Pero Eloy no se dio por vencido, él era pequeño pero muy valiente; así que esa misma noche, en lugar de salir a jugar a la plaza con unos amigos que no creían en él, volvió al río. Había cogido de su casa unas gambas con las que alimentaba a su pequeña tortuga y un colador de la cocina, dispuesto a pescar con esos utensilios al mágico pez brillante. Aunque como decimos, era muy valiente, la verdad que lo de bajar solo al río entre ese paisaje tan oscuro y silencioso era algo que costaba mucho esfuerzo, pero él lo hizo; cambió en su mente los miedos por los sueños, la intranquilidad por el deseo y la preocupación por la sensación de hacerse mayor. Ahí estaba, ante él, nuevamente, el pez de plata, con sus suntuosos movimientos, su danza acuática y su insaciable hambre de la tranquilidad de los peces dormidos.

Parecía que con el colador no podía llegar hasta donde el pez estaba y ya no le quedaban más gambas que arrojar al agua... ese bello pez; su pez secreto, seguía castigándole con su indiferencia; así que decidió volver a casa; una vez más, acompañado por el disgusto. Formaba parte pues, una noche más, del elenco de participantes en esa obra de sombras; ese mágico teatro negro de hojas, montañas, hormigas y brisa. La inmensa oscuridad alumbrada por un único foco; la luna llena en lo alto del cielo.

Eloy tardó un par de noches más en darse cuenta de que su pez secreto, el devorador de sueños, ese indiferente animal mitológico de brillos plateados no era más que el reflejo de la luna en el agua negra; dos larguísimas noches de tristeza y sentimiento de impotencia; pero que le enseñaron una lección.
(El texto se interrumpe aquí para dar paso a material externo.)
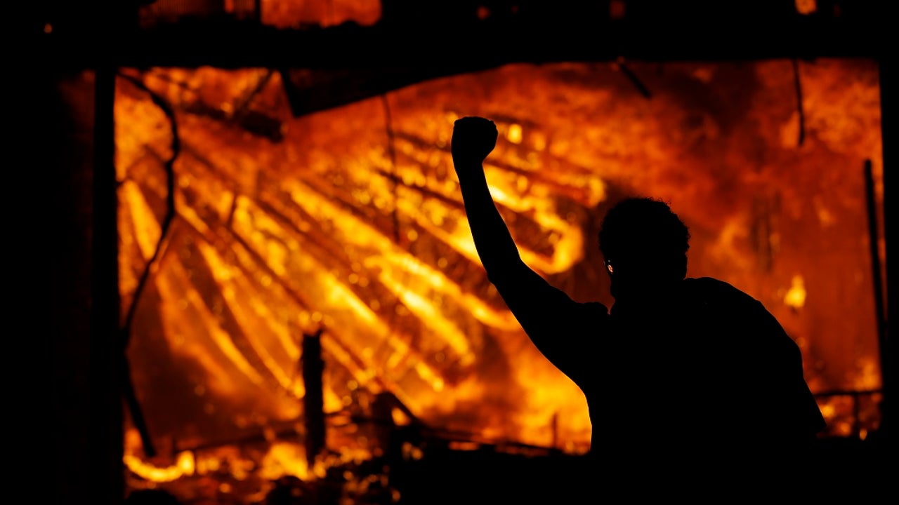 A protester gestures in front of the burning 3rd Precinct building of the Minneapolis Police Department on May 28, in Minneapolis. A suspect has been charged in connection with the suspected arson. (AP Photo/Julio Cortez)

Aunque a veces se reciban insultos, se tenga miedo de compartir nuestras fantasías con otros, aunque todo lo que fabriquemos no nos sirva para conseguir nuestros propósitos e incluso desperdiciemos todas las gambas de la pobre tortuga; vale la pena luchar por lo imposible, porque en la lucha también se aprende.

Ahora Eloy sabe trenzar redes con hierba, sabe a quién puede confiar sus secretos, sabe dónde pueden irse a buscar las mejores lombrices, sabe que el mejor lugar para un colador es la cocina y sabe, sobre todo, que en las noches de verano; después de todo el calor del día, la luna y las estrellas bajan a refrescarse en las tranquilas aguas de su río.